**Data to process**.
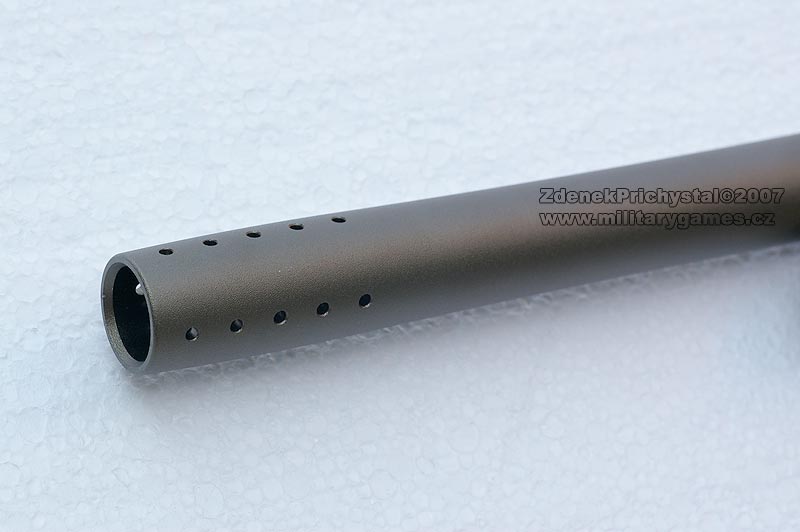 Zbraň má dále základní hlaveň o délce 9,5“, antisifon v přední ručce a samomazný závěr hlavně z delrinu se šikmým náběhem vzduchu.
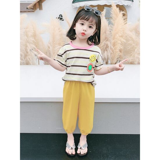 子供服女の子 セットアップ パンツ Tシャツ 半袖 ボーダー スマイル 花 春 夏 パンツ 2点セット カジュアル シンプル かわいい おしゃれ ブラック ブルー イエロー 可愛い キッズ
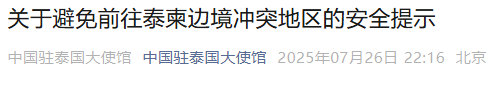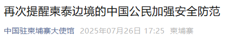 7月26日,中国驻泰国大使馆发布《关于避免前往泰柬边境冲突地区的安全提示》:目前泰柬边境交火仍在持续,泰方已在尖竹汶府和达叻府部分地区实施戒严。中国驻泰使馆再次提醒在泰中国公民,特别是靠近冲突地区的中国公民密切关注形势发展,注意自身安全,避免前往泰柬边境有关区域。已在当地的人员和机构应关注所在地区政府的安全指引,注意及时避险和转移。如遇紧急情况,请及时报警并向驻泰使领馆寻求协助。
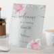 A wedding welcome sign. A faux silver looking background. Decorated with faux silver sparkles and pink and white flowers, roses. Personalize and add your names and the wedding date.
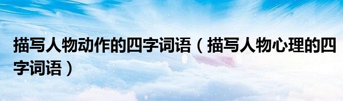 大家好,我是小科,我来为大家解答以上问题。描写人物动作的四字词语,描写人物心理的四字词语很多人还不知道,现在让我们一起来看看吧!
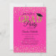 Rosa quente com brilho dourado e texto preto brilho e convite de festa de formatura vírgula personalizado com sua foto no verso.
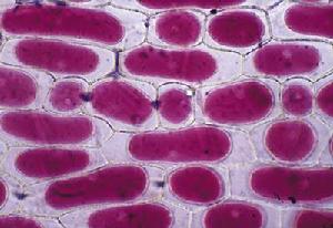 直接分裂的早期,球形的細胞核和核仁都伸長。然後細胞核進一步伸長呈啞鈴形,中央部分狹細。最後,細胞核分裂,這時細胞質也隨著分裂,並且在滑面型內質網的參與下形成細胞膜。在直接分裂中,核膜和核仁都不消失,沒有染色體的出現,當然也就看不到染色體複製的規律性變化。但是,這並不說明染色質沒有發生深刻的變化,實際上染色質也要進行複製,並且細胞要增大。當細胞核體積增大一倍時,細胞核就發生分裂,核中的遺傳物質就分配到子細胞中去。至於核中的遺傳物質DNA是如何分配的,還有待進一步的研究。

**To do**. What is needed is an exact repeat of only the lines from the one containing "Rosa quente com" through the last line of the listing above, both ends included, without the pictures.

**Written response**.
 Rosa quente com brilho dourado e texto preto brilho e convite de festa de formatura vírgula personalizado com sua foto no verso.
 直接分裂的早期,球形的細胞核和核仁都伸長。然後細胞核進一步伸長呈啞鈴形,中央部分狹細。最後,細胞核分裂,這時細胞質也隨著分裂,並且在滑面型內質網的參與下形成細胞膜。在直接分裂中,核膜和核仁都不消失,沒有染色體的出現,當然也就看不到染色體複製的規律性變化。但是,這並不說明染色質沒有發生深刻的變化,實際上染色質也要進行複製,並且細胞要增大。當細胞核體積增大一倍時,細胞核就發生分裂,核中的遺傳物質就分配到子細胞中去。至於核中的遺傳物質DNA是如何分配的,還有待進一步的研究。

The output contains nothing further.